Various RPD were shown to have CSF pleocytosis and elevated total protein levels, with infectious illnesses being the most prevalent. Decreased glucose level mainly presented in parasitic and bacterial infections and some CSF neoplasm diseases such as CNS lymphoma and meningeal carcinomatosis. Oligoclonal bands could also be detected in various RPD. The detailed results of CSF analyses are shown in Table 3.

Table 3

Basic CSF analyses in patients with non-prion RPD

Neurological diseases	CSF pleocytosis	Increased CSF total protein level	Decreased glucose level	Oligoclonal bands
Autoimmune encephalitis (n = 38)	26.3%	36.8%	2.6%	13.2%
Neurodegenerative disease (n = 29)	6.9%	17.2%	0%	3.4%
Viral infection (n = 10)	40%	50%	0%	20%
Neurosyphilis (n = 5)	80%	60%	0%	60%
Parasitic or bacterial infections (n = 2)	100%	100%	100%	0%
CNS neoplasm (n = 3)	66.6%	66.6%	66.6%	33.3%
Paraneoplastic disease (n = 7)	42.9%	42.9%	14.3%	28.6%
Cerebrovascular disease (n = 5)	0%	0%	0%	0%
Inherited metabolic disease (n = 5)	20%	20%	0%	0%

DISCUSSION

It was the first time to evaluate the relationship between CSF 14-3-3 protein and clinical features in non-prion diseases. Our results found that the CSF 14-3-3 protein was detected in a broad various of non-prion patients exhibiting RPD, and it was associated with older age and symptoms of myoclonus. In addition, in neurodegenerative disease, the positive 14-3-3 test was associated with longer duration from onset to LP, and in autoimmune encephalitis, myoclonus was more frequently observed in 14-3-3-positive patients.

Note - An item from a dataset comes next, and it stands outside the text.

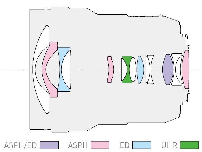 When it comes to the optical construction you deal here with 15 elements positioned in 10 groups. As shown in a diagram below the producer weren’t skimpy with special elements: you get three aspherical elements, two made of low dispersion ED glass, one UHR element, made of glass with ultra high refractive index, and one element which is both aspherical and made of ED glass. Inside you can also find a round aperture with nine diaphragm blades which can be closed down to a value of f/22.

Consistent with previous reports, we found that CSF 14-3-3 protein was present in various non-prion RPD disorders, including the incurable disorders caused by neurodegeneration and inherited metabolic abnormalities, as well as potentially treatable diseases such autoimmune and infectious encephalitis. Among them, autoimmune encephalitis and neurodegenerative diseases were the most frequent disorders with positive CSF 14-3-3 results. Bastiaansen et al. showed that the positive rate of CSF 14-3-3 protein in autoimmune encephalitis was 19% (8/42) and Freund et al. found that 3 out of 8 (37.5%) patients with autoimmune encephalitis were positive for 14-3-3 protein [32, 33]. Our results combined with previous studies remind clinicians that the positive rate of CSF 14-3-3 protein in patients with autoimmune encephalitis is not low. In addition, a previous study showed that CSF 14-3-3 was positive in 12/98 (12.2%) unselected patients with non-prion dementia [3]. All the patients included in our study presented with RPD, which indicated that the neuronal injury in these patients was more rapid and extensive than that in patients with typical clinical features. Thus, the positive rate of CSF 14-3-3 protein was higher. Another study also reported that among the patients that clinically mimic CJD, 32% of cases were negative for prion disease and 23% of patients were finally diagnosed with treatable neurological diseases [1, 4]. All these disorders are commonly mistaken for CJD due to the symptom of RPD plus pyramidal, extrapyramidal, or cerebellar signs, especially together with the positive 14-3-3 protein in CSF. Therefore, it is crucial to exclude curable diseases and avoid relying too heavily on CSF 14-3-3 testing for diagnosing CJD, since doctors or family members may choose to discontinue treatment in case of CJD diagnosis. Apart from the disorders and conditions reported previously, our study broadened the scope of treatable disorders with a positive 14-3-3 result to GFAP-related autoimmune encephalitis and brain cysticercosis.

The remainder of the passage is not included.